[Data extract]
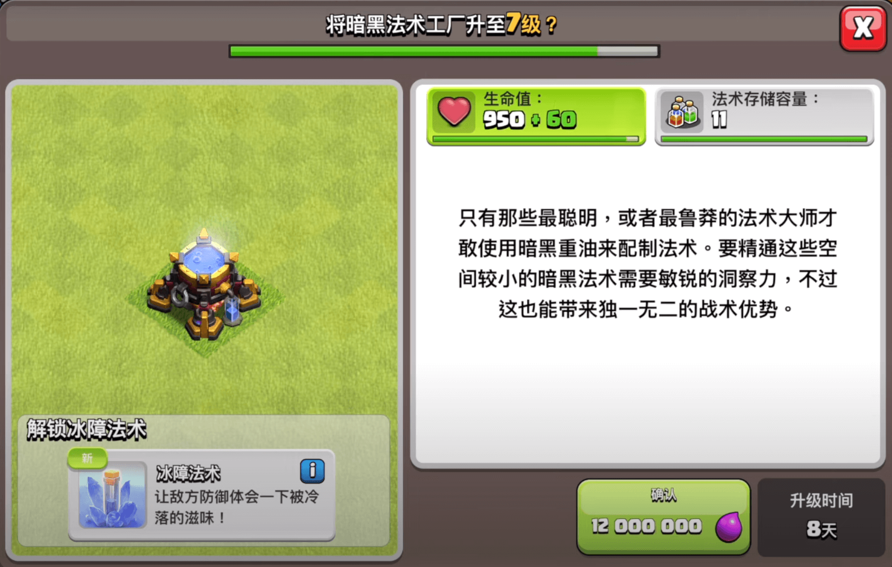 - 黑暗法术工厂所需等级:7级(14级大本营可以解锁)
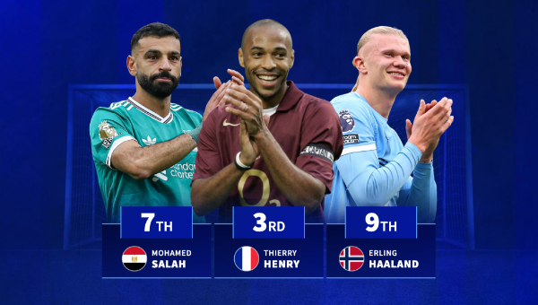 อันดับสามคือ อองรี อดีตศูนย์หน้าระดับตำนานของ อาร์เซน่อล
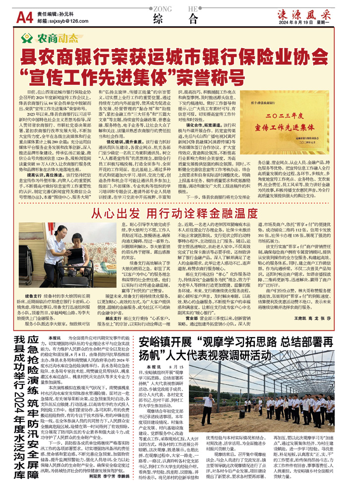 县农商银行荣获运城市银行保险业协会“宣传工作先进集体”荣誉称号
[/Data extract]
The answer is the full listing above, repeated exactly, with its pictures removed.

§ Written answer
 - 黑暗法术工厂所需等级:7级(14级大本营可以解锁)
 อันดับสามคือ อองรี อดีตศูนย์หน้าระดับตำนานของ อาร์เซน่อล
 县农商银行荣获运城市银行保险业协会“宣传工作先进集体”荣誉称号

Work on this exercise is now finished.